Teske explains that while the genetic differences between stocks were minimal overall, and there is evidence that fish from the west and south interbreed to some degree, the division into two subpopulations was “most strongly supported on the basis of genetic markers that show a strong correlation with water temperature.” Water temperatures are generally cooler in the Atlantic Ocean off the west coast than they are south of Cape Agulhas. While their functional significance isn’t known yet, the genetic markers identified in the study suggest that the two groups of fish are adapted to those different temperatures. And, Teske says, this explains why the sardines found in the run are those from farthest away, on the other side of the cape: the western fish’s preference for cooler waters makes them the most susceptible to being drawn into the run. 

Dolphins pursuing fish during a sardine run

“As far as we can tell, the west coast sardines associate with upwelling regions, and they do not find many of those on the south coast. So they will likely keep moving until suitable habitat is found,” Teske continues. The Atlantic fish simply need cooler water, and they’ll follow it in the direction they find it, including those temporary pockets of upwelling. Eventually, he says, “some of these have migrated so far east that they eventually become attracted by upwelling . . . on the southeast coast.” 

In the paper, the team says their genetic evidence suggests that the fish are therefore driven into a trap. That is, the behavior that drives them to seek cool water tricks them into swimming up the eastern coast into stressful warmer water instead. That’s to say nothing of the dangers: hungry sharks, dolphins, seabirds, and more waiting for a tasty treat.
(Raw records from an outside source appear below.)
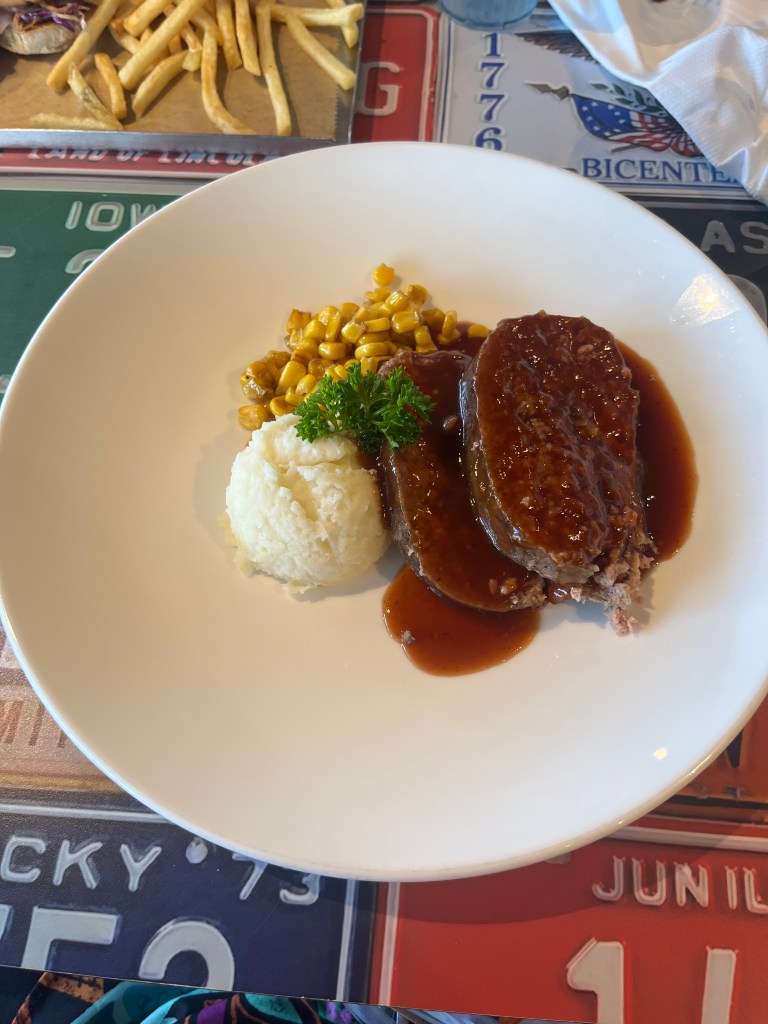 The sliders were average. They needed more sauce, and the slaw was bland. The Hawaiian rolls were good, and the fries were of the nice, thin, and crispy variety. Overall, the sliders were okay, but not something I’d beat the door down to order again. The meatloaf was surprisingly good. It was served with grilled corn and mashed potatoes. I wasn’t a big fan of the gravy, but it didn’t detract from the meatloaf’s flavor. I would’ve ordered it again if I had dined at the American Diner a few more times. The corn was good, and the potatoes were bland, but it was passable when you put the meatloaf gravy on it. I’d place the main dishes as above average.
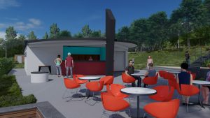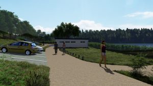 Le projet comprend plusieurs interventions visant à améliorer les conditions du bâtiment principal – restaurant/buvette – ainsi que les accès pour les piétons et le stationnement des véhicules.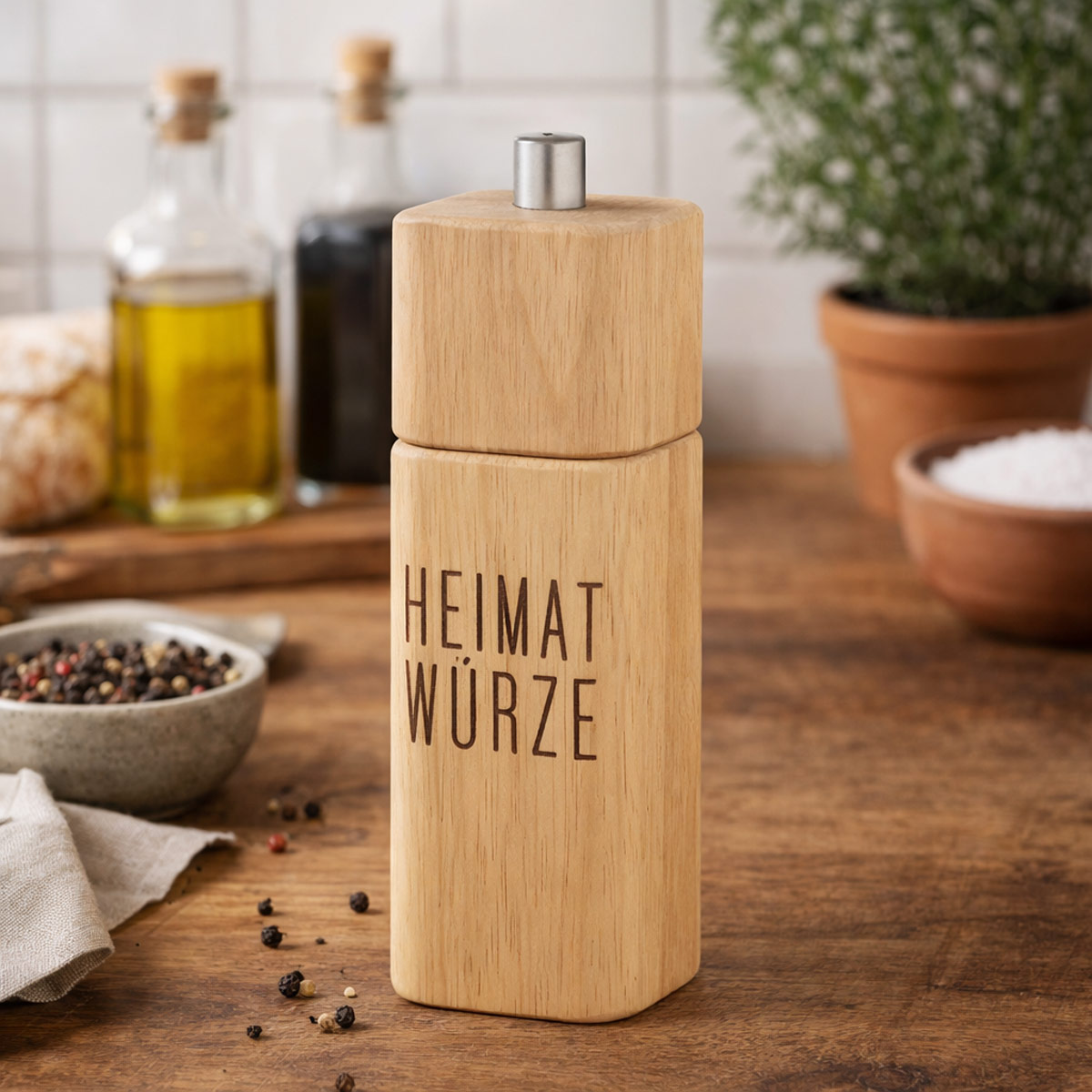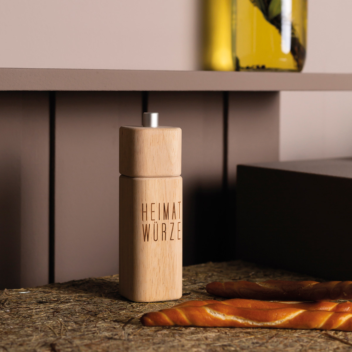 Diese Gewürzmühle von Räder verbindet funktionales Küchenzubehör mit dem unverwechselbaren Design des Herstellers. Gefertigt in natürlicher Holzoptik und mit eingraviertem Schriftzug 'Heimatwürze', wird die Mühle zu einem dekorativen Blickfang in jeder Küche. Ob auf dem Esstisch, in der Küche oder als Geschenkidee für Kochliebhaber – die Gewürzmühle aus Holz passt perfekt zu einem modernen, natürlichen und wohnlichen Einrichtungsstil.

Ecologist William Sydeman, president of the Farallon Institute for Advanced Ecosystem Research in Petaluma, California, who was not involved in the present research, says he’d like to see more research before he’s convinced this is a true ecological trap. Upwelling leads to plankton blooms, creating a lot of food for the sardines, he notes. So “I think [the fish are] doing it for a reason,” and more evidence is needed to show the full effect of the migration on fish that make the trip. It’s possible, he says, that “they migrate there in order to take advantage of temporarily productive ocean conditions at the western cape,” so if the area doesn’t suit them, he asks, “Why don’t they just do the reverse? Why don’t they move back?” (Teske speculates that one reason there’s no mass migration in the opposite direction of the run could be hungry predators following the sardines from the southeast, cutting off the return path.)
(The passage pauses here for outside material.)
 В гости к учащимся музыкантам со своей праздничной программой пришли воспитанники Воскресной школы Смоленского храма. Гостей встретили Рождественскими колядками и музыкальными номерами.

Likewise, Catherine Macdonald, a marine biologist at the University of Miami who was not involved with the research, suggests in an email that it’s worth considering whether the behavior is “possibly no-longer-adaptive” rather than something that was never adaptive in the first place. “As we continue to see the effects of global climate change intensify, I think we can expect to see many previously adaptive migratory patterns altered.” Previous hypotheses have posited, for example, the sardine run is a relic from the last glacial period, when the Indian Ocean would have been a more hospitable spawning ground for the sardines.

Research like this ultimately helps to manage fisheries. “We don’t want to manage two groups of fish that largely reproduce separately as though they were one group of fish that all reproduce together,” says Macdonald. The Atlantic sardine fishery in the region has already collapsed. By showing that west and south populations of sardines are distinct, Teske says, “we can not only explain this collapse, but also convince fishery management that if they overfish this region, the local sardine population will not simply get replenished from the south coast.”

In other words, we’ll be better able to protect the stars of the greatest shoal on earth.